• Your task: When writing out the entries below, keep only the lines from the line with "Funkfernsteuerung / Funkfernbedienung, mit" to the line with "Lässt sich die", both included, exactly as they are, and leave the pictures aside.

• Available data:
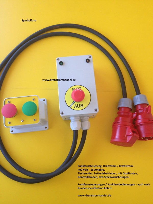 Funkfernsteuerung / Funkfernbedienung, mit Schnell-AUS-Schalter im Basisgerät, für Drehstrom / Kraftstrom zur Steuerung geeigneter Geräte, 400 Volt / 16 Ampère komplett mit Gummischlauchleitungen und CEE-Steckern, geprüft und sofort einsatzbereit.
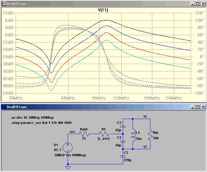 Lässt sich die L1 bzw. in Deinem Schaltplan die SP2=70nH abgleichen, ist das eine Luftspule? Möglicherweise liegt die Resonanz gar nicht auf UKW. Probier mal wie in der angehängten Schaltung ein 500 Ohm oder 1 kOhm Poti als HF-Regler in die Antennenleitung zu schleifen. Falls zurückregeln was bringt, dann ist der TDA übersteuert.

...

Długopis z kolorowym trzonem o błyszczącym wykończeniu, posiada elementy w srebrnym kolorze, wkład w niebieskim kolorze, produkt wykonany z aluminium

* * *

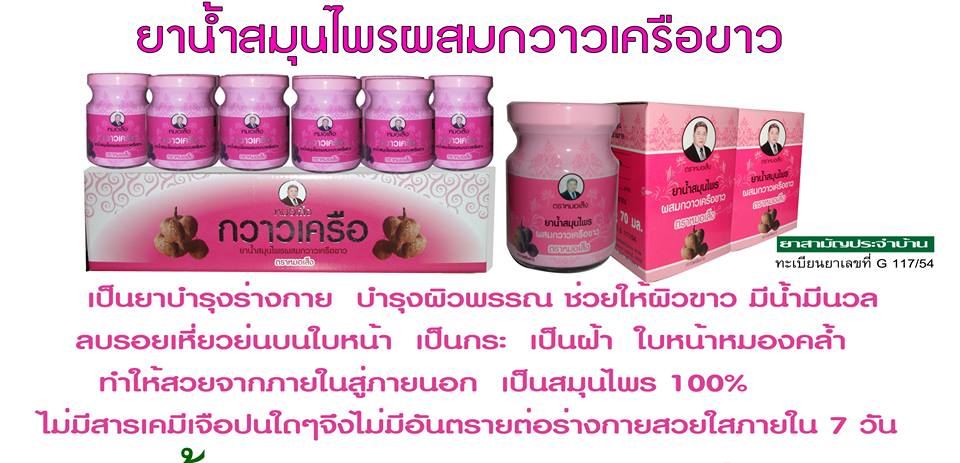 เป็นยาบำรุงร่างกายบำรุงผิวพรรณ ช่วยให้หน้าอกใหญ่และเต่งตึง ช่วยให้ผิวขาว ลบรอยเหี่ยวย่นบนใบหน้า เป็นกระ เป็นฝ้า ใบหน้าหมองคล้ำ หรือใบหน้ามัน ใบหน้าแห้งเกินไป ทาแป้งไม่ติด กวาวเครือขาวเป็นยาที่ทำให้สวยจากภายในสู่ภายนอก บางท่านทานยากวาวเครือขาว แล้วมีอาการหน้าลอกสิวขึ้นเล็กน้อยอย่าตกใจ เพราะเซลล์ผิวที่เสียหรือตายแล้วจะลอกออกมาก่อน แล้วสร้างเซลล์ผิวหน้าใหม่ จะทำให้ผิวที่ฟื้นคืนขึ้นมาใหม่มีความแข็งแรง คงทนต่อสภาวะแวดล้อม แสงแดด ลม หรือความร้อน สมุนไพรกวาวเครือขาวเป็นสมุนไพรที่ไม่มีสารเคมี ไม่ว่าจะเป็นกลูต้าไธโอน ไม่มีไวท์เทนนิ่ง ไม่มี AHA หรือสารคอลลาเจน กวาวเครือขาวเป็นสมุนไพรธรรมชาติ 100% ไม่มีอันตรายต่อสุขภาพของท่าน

• Completed exercise:
 Funkfernsteuerung / Funkfernbedienung, mit Schnell-AUS-Schalter im Basisgerät, für Drehstrom / Kraftstrom zur Steuerung geeigneter Geräte, 400 Volt / 16 Ampère komplett mit Gummischlauchleitungen und CEE-Steckern, geprüft und sofort einsatzbereit.
 Lässt sich die L1 bzw. in Deinem Schaltplan die SP2=70nH abgleichen, ist das eine Luftspule? Möglicherweise liegt die Resonanz gar nicht auf UKW. Probier mal wie in der angehängten Schaltung ein 500 Ohm oder 1 kOhm Poti als HF-Regler in die Antennenleitung zu schleifen. Falls zurückregeln was bringt, dann ist der TDA übersteuert.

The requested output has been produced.